GOAL OF THE EXERCISE
Output range, inclusive: from the line containing "die Schwinge wackelt, vorne" to the line containing "Thái Bình | ||". Restate those lines from the data below word for word and only those.

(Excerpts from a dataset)
- Opening Delimiter -

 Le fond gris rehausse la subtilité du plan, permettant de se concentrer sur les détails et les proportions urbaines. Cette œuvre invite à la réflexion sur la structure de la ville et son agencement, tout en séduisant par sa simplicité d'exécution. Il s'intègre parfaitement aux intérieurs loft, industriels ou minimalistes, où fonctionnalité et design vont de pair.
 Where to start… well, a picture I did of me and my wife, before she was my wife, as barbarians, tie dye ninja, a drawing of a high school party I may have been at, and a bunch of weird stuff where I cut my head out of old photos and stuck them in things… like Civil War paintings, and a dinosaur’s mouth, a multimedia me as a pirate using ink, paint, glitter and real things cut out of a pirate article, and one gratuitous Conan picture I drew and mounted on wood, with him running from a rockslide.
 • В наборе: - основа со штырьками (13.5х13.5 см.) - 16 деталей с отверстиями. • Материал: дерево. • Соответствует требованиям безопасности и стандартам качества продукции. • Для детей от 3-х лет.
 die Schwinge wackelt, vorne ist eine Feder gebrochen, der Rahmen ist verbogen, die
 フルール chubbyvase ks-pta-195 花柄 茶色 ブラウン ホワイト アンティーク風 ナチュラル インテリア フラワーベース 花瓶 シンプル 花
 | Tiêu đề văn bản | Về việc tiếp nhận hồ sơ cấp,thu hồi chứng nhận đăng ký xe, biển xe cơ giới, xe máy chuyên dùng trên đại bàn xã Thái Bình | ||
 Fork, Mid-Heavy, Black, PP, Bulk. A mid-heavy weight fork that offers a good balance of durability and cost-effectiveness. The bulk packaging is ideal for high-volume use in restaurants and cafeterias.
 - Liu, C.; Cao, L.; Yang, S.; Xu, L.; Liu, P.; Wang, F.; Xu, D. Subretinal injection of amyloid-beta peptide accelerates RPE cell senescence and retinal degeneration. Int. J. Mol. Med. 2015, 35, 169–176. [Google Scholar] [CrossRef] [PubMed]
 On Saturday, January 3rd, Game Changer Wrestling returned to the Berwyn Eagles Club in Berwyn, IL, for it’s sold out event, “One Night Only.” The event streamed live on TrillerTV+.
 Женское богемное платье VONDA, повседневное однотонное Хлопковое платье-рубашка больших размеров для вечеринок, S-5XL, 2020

- Closing Delimiter -

EXERCISE OUTPUT
 die Schwinge wackelt, vorne ist eine Feder gebrochen, der Rahmen ist verbogen, die
 フルール chubbyvase ks-pta-195 花柄 茶色 ブラウン ホワイト アンティーク風 ナチュラル インテリア フラワーベース 花瓶 シンプル 花
 | Tiêu đề văn bản | Về việc tiếp nhận hồ sơ cấp,thu hồi chứng nhận đăng ký xe, biển xe cơ giới, xe máy chuyên dùng trên đại bàn xã Thái Bình | ||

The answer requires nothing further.